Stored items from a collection
· · · ·

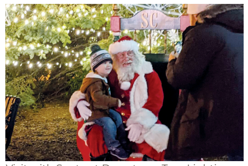
Visit with Santa at Downtown Tree Lighting
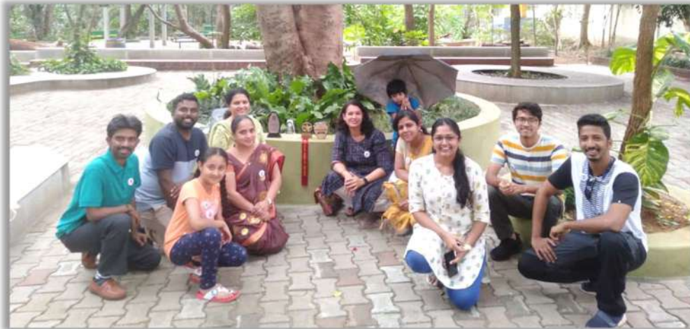
1st Outdoor Meeting of the club members
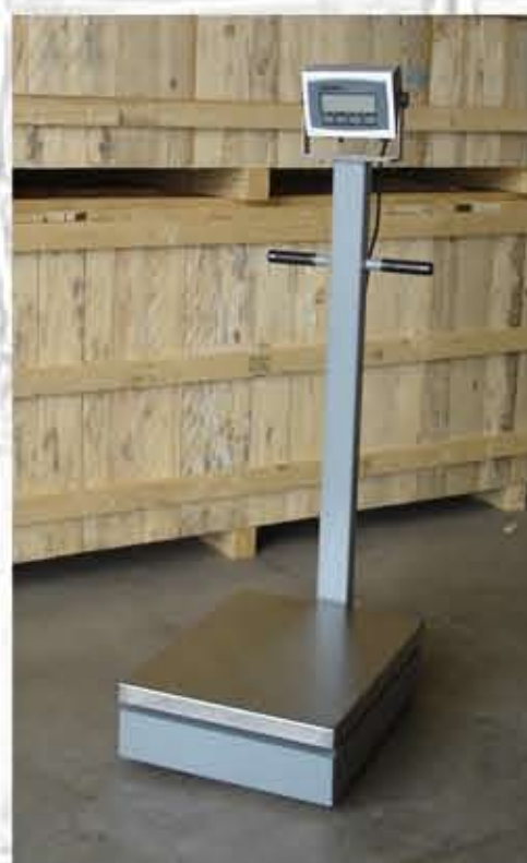
24" x 18" Weigh-A-Round (Optional) Swivel Casters 48" Column w/ handle grips
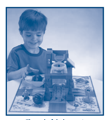
The colorful play mat guides your setup!
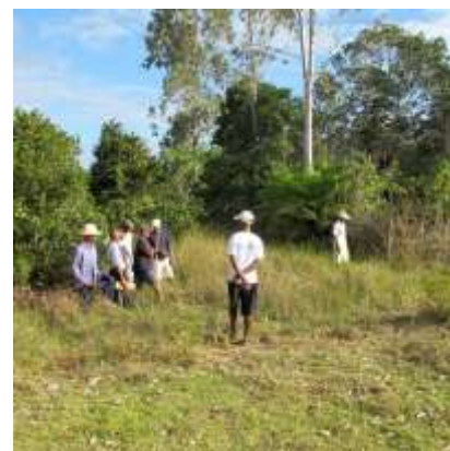
SEPALI's New Land, Varingohitra
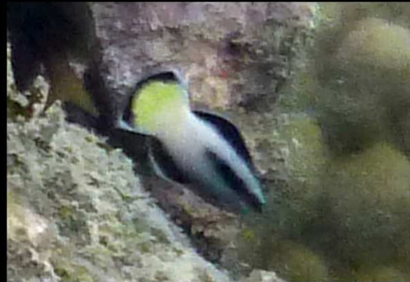
Labroides bicolor Zweifarb-Putzerlippfisch Bicolor cleaner wrasse juvenile 2014 Chumbe Island, Zanzibar
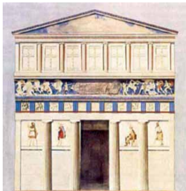
Fig. 8 The façade of the 'Tomb of the Judgement' at Lefkadia, (after Touratsoglou 2004, 202).

The façades of the Macedonian tombs as a whole are generally eclectic, but the royal tombs at Vergina illustrate a feature not observed at any other tomb group. Tomb II and Tomb III of the Great Tumulus at Vergina provide the only examples of the utilisation of a frieze as a terminating member rather than the conventional Doric pediment. The 'Tomb of the Judgement' at Lefkadia also features an exaggerated frieze, but the frieze itself was not utilised as a terminating member but rather the platform for the second
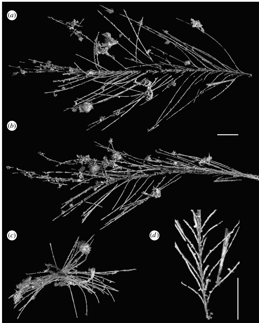
Figure 2. Three-dimensional virtual reconstruction of one fossil feather in phase contrast microtomography: (a–c) long barbs form two vanes on each side of a relatively flattened shaft; (d) the shaft is flattened and composed by the still incompletely fused bases of the barbs, a stage in feather evolution that was hitherto unknown in fossil and recent records. Scale bars, 100 \mu\text{m} .

follicle. The structure observed in these specimens from French amber therefore represents the first fossil evidence of the intermediate stage between the very distinct stages II and IIIa defined by Prum (1999) in his theory of evolutionary diversification of feathers. Stage II is characterized by non-ramified barbs attached at their base to the calamus, without barbules. Stage IIIa corresponds to the appearance of a central shaft formed by the fusion of non-ramified barbs and the appearance of the planar form. Stage IIIb exhibits barbules without differentiation between basal or distal part of the feather, unlike in stage IV (figure 3). Similarly, the new fossils take place between stages II and III defined by Xu (2006), and more precisely correspond to the early phase of stage III. The present discovery, therefore, sheds new light on the idealized nature of the developmental stages of feather evolution. Indeed, with a long rachis appearing before the barbules, it emphasizes stage IIIb as unlikely and stage IIIa as more likely evolving after stage II. We prefer not to create a new stage for this morphology, as it merely illustrates a transition between two well-established stages rather than a distinct, stable stage. According to Prum (1999), Bock (2000) and Prum & Brush (2002), such
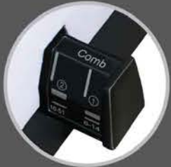
3. Adjustable punch depth.
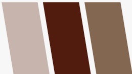
Displayed color swatches are an approximation

Full Size Jump Seat Certified for Take-Off/Landing (for Crew Only)
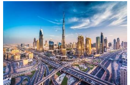
Downtown - Dubai
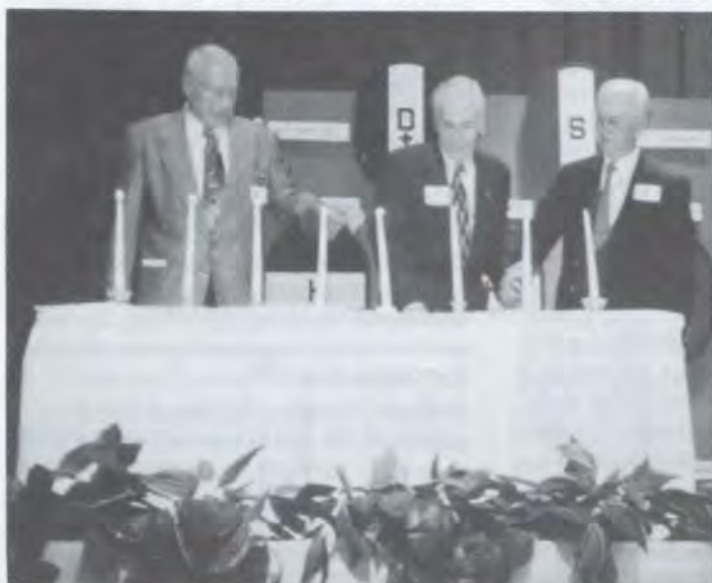
Lighting the 6th Candle

See you next year — last Saturday in February — same place! ■
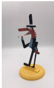
Fancy Fella Wood, acrylic, nails
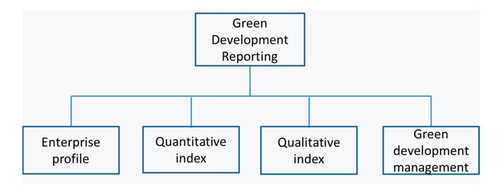
Figure 1. Framework of the proposed green development reporting (GDR).

The GDR framework relies on a series of indicators to represent the state of the GD of enterprises and is divided into four main components: enterprise profile, quantitative index, qualitative index, and GD management (Figure 1). Here, the GD index considers both the qualitative and quantitative indices. Twenty quantitative indexes and eight qualitative indexes were created. The qualitative indexes describe the GD measures and achievements of enterprises, whereas the quantitative indexes use specific data to calculate the -values of GD. This information can be used to compare enterprises or to represent temporal changes within an enterprise in order to show the degree of GD and the potential of the enterprise.

· · · ·

YOUR TASK
Reproduce each entry precisely. Leave the pictures out.

WRITTEN REPLY
Visit with Santa at Downtown Tree Lighting
1st Outdoor Meeting of the club members
24" x 18" Weigh-A-Round (Optional) Swivel Casters 48" Column w/ handle grips
The colorful play mat guides your setup!
SEPALI's New Land, Varingohitra
Labroides bicolor Zweifarb-Putzerlippfisch Bicolor cleaner wrasse juvenile 2014 Chumbe Island, Zanzibar
Fig. 8 The façade of the 'Tomb of the Judgement' at Lefkadia, (after Touratsoglou 2004, 202).

The façades of the Macedonian tombs as a whole are generally eclectic, but the royal tombs at Vergina illustrate a feature not observed at any other tomb group. Tomb II and Tomb III of the Great Tumulus at Vergina provide the only examples of the utilisation of a frieze as a terminating member rather than the conventional Doric pediment. The 'Tomb of the Judgement' at Lefkadia also features an exaggerated frieze, but the frieze itself was not utilised as a terminating member but rather the platform for the second
Figure 2. Three-dimensional virtual reconstruction of one fossil feather in phase contrast microtomography: (a–c) long barbs form two vanes on each side of a relatively flattened shaft; (d) the shaft is flattened and composed by the still incompletely fused bases of the barbs, a stage in feather evolution that was hitherto unknown in fossil and recent records. Scale bars, 100 \mu\text{m} .

follicle. The structure observed in these specimens from French amber therefore represents the first fossil evidence of the intermediate stage between the very distinct stages II and IIIa defined by Prum (1999) in his theory of evolutionary diversification of feathers. Stage II is characterized by non-ramified barbs attached at their base to the calamus, without barbules. Stage IIIa corresponds to the appearance of a central shaft formed by the fusion of non-ramified barbs and the appearance of the planar form. Stage IIIb exhibits barbules without differentiation between basal or distal part of the feather, unlike in stage IV (figure 3). Similarly, the new fossils take place between stages II and III defined by Xu (2006), and more precisely correspond to the early phase of stage III. The present discovery, therefore, sheds new light on the idealized nature of the developmental stages of feather evolution. Indeed, with a long rachis appearing before the barbules, it emphasizes stage IIIb as unlikely and stage IIIa as more likely evolving after stage II. We prefer not to create a new stage for this morphology, as it merely illustrates a transition between two well-established stages rather than a distinct, stable stage. According to Prum (1999), Bock (2000) and Prum & Brush (2002), such
3. Adjustable punch depth.
Displayed color swatches are an approximation

Full Size Jump Seat Certified for Take-Off/Landing (for Crew Only)
Downtown - Dubai
Lighting the 6th Candle

See you next year — last Saturday in February — same place! ■
Fancy Fella Wood, acrylic, nails
Figure 1. Framework of the proposed green development reporting (GDR).

The GDR framework relies on a series of indicators to represent the state of the GD of enterprises and is divided into four main components: enterprise profile, quantitative index, qualitative index, and GD management (Figure 1). Here, the GD index considers both the qualitative and quantitative indices. Twenty quantitative indexes and eight qualitative indexes were created. The qualitative indexes describe the GD measures and achievements of enterprises, whereas the quantitative indexes use specific data to calculate the -values of GD. This information can be used to compare enterprises or to represent temporal changes within an enterprise in order to show the degree of GD and the potential of the enterprise.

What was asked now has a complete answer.